Только не домой ведёт его Кырмурын. Он идёт к лесному озерку — он хочет пить. От озерка пар курится, в осоках утки крякают... Бегом кинулся Кырмурын к воде. Заскворчало, замурлыкало под его губами озерко, Ермеку видно, как перекатываются по лосиному горлу тугие быстрые кольца. Глоток — кольцо, глоток — кольцо...
«Надо и мне попить», — догадался Ермек и полез с котелком в воду. Кырмурын приподнял морду и шумно вздохнул. Осочка даже зашевелилась. С мокрых длинных губ роняются в озерко звонкие капли. Глядится в воду. Его ли обличье отражается? После такой передряги любой не сразу себя признает. Удостоверился — опять пьёт. После третьего приёма выходит он па бережок и тянется к Ермеку мокрой сопаткой.
— Хлеба хочешь? Сейчас дам...
Вытряс Ермек из голенища початую вчерашнюю горбушку, разломил её на две части — большую поднёс Кырмурыну:
— Ешь да пойдём домой! Дома у нас много хлеба! К дедушке Галиму пойдём.

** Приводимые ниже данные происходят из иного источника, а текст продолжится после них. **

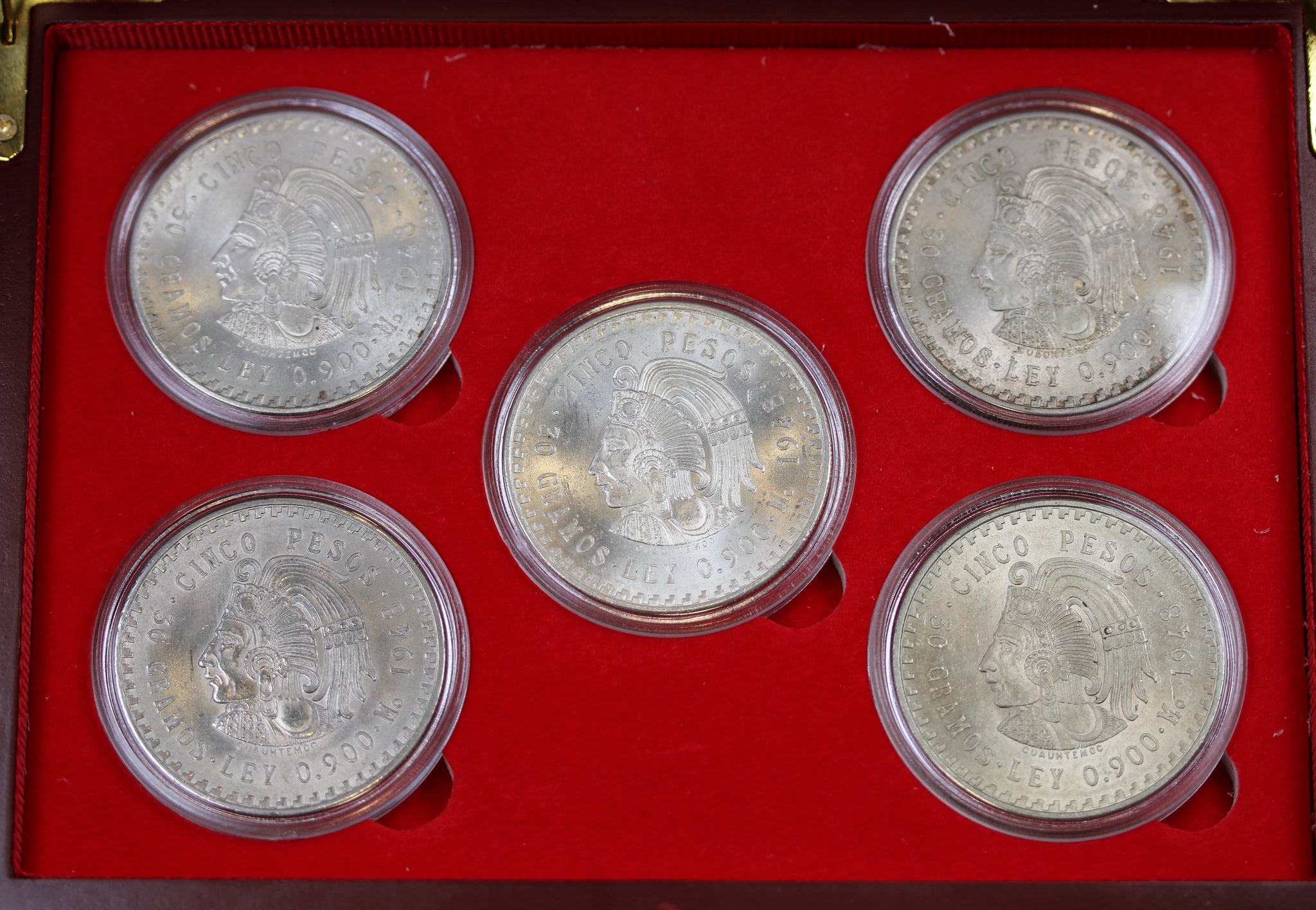 This box contains five identical 1948 Mexican Cinco Pesos silver coins, each in Extremely Fine condition. Struck at the historic Mexico City Mint, the obverse displays the iconic Mexican eagle devouring a rattlesnake atop a prickly pear cactus. The reverse features Cuauhtémoc, last Aztec emperor, surrounded by bold geometric motifs. Composed of 30 grams of .900 silver, these coins combine strong visual impact with important national symbolism and consistent quality throughout the set.

Сжевал Кырмурын свою немудрящую пайку и пошагал. Куда он направил свои копыта — кто знает, а только, думается, напомнила ему хлебная корочка людские дымки. А за дымками мудрено ли про сахар вспомнить, про овсянку, про тёплое молочко. Может быть, и вывел бы он своего маленького спасителя к дому. И лепетал бы им вслед светлый лес: «Смотрите! Смотрите! Мальчик нашёл Сказку».
И славная была бы это сказка! Сами судите... Сидит с белой, как лебяжье крылышко, бородой дедушка Ермек. Ему, аксакалу, не пять лет, а семьдесят пять! Или больше даже... Возле — внуки- правнуки — узкие глазки. И рассказывает им дедушка, как вывел его, маленького заблудяшку, из незнакомых лесов добрый горбоносый рогатый зверь с серебряным листочком на ушке. Как согревал он ему тёплым мохнатым брюшком озябшую спинку. Как пожевали они хлебушка от одной горбушки. Как попили водицы из одного озерка.
Разве плохая была бы сказка?! Но не расскажет её дедушка Ермек своим внучатам...
* * *
Застрекотали сороки, каркнул ворон, зашумел и встревожился светлый лес. Едет Филька Казнённый Нос по светлому лесу, мурчит ласковые слова:
— Лес мой, кормилец... батюшка... благодетель...
А птица — диким барашком её у нас зовут — взовьётся под самые облака и, как только выедет Филька на болотце или мочежинку, сложит в небе крылышки и пулей острой свой нос к земле несёт.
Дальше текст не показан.